What this task involves: The goal is an unaltered copy of the records below, minus any images.

=== Recorded information ===

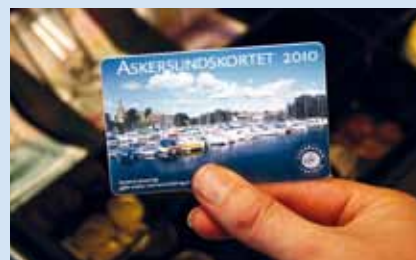
Kortet köps i någon av de anslutna butikerna.

Du köper kortet i de anslutna butikerna och det gäller hela 2010. Kortet är personligt och du har möjlighet att registrera dig för att få erbjudanden från butikerna via e-post.
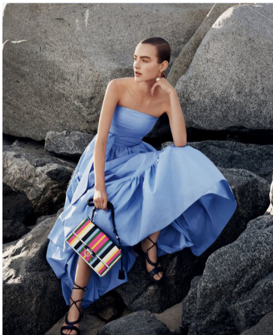
Salvatore Ferragamo全新的2016春夏大片“璀璨人生”，展现了环球旅行者们不惧岁月的精致生活方式。
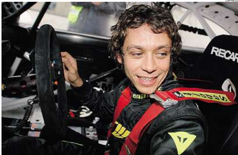
► Vale Rossi, in coppia con Carlo Cassina, dopo 8 prove speciali, si è piazzato dietro Dindo Capello

La Ford Focus conquista la 30esima edizione del Monza Rally Show ma a differenza delle due passate edizioni non è Valentino Rossi a salire sul gradino più alto del podio nella kermesse disputata all'interno dell'autodromo brianzolo. Il campione del mondo della MotoGP, in coppia con Carlo Cassina, si è piazzato al secondo posto al termine delle otto prove speciali, battuto dal compagno di squadra Dindo Capello. A Valentino non sono bastati i due successi nelle due tappe conclusive per ribaltare una situazione compromessa nella giornata di sabato, quando due errori (sotto forma di spegnimento di motore) gli avevano fatto perdere quasi 30" e allontanato dalla vetta. La zampata del campione nella giornata di chiusura ha consentito alla sua Ford del team RamSport di risalire due posizioni nella classifica generale e piazzarsi alle spalle di Capello con un ritardo di 20"3 (1h11'11" contro 1h11'31"). Al bravo Dindo sono bastati un secondo e un terzo posto per tenere a distanza gli avversari, mentre Omar Longhi e Luca Cassol su Subaru Impreza hanno concluso al terzo posto nella classifica generale, staccati di 23"9. «L'obiettivo era quello di finire al secondo posto, onestamente non si poteva fare di più

===

Answer section:
Kortet köps i någon av de anslutna butikerna.

Du köper kortet i de anslutna butikerna och det gäller hela 2010. Kortet är personligt och du har möjlighet att registrera dig för att få erbjudanden från butikerna via e-post.
Salvatore Ferragamo全新的2016春夏大片“璀璨人生”，展现了环球旅行者们不惧岁月的精致生活方式。
► Vale Rossi, in coppia con Carlo Cassina, dopo 8 prove speciali, si è piazzato dietro Dindo Capello

La Ford Focus conquista la 30esima edizione del Monza Rally Show ma a differenza delle due passate edizioni non è Valentino Rossi a salire sul gradino più alto del podio nella kermesse disputata all'interno dell'autodromo brianzolo. Il campione del mondo della MotoGP, in coppia con Carlo Cassina, si è piazzato al secondo posto al termine delle otto prove speciali, battuto dal compagno di squadra Dindo Capello. A Valentino non sono bastati i due successi nelle due tappe conclusive per ribaltare una situazione compromessa nella giornata di sabato, quando due errori (sotto forma di spegnimento di motore) gli avevano fatto perdere quasi 30" e allontanato dalla vetta. La zampata del campione nella giornata di chiusura ha consentito alla sua Ford del team RamSport di risalire due posizioni nella classifica generale e piazzarsi alle spalle di Capello con un ritardo di 20"3 (1h11'11" contro 1h11'31"). Al bravo Dindo sono bastati un secondo e un terzo posto per tenere a distanza gli avversari, mentre Omar Longhi e Luca Cassol su Subaru Impreza hanno concluso al terzo posto nella classifica generale, staccati di 23"9. «L'obiettivo era quello di finire al secondo posto, onestamente non si poteva fare di più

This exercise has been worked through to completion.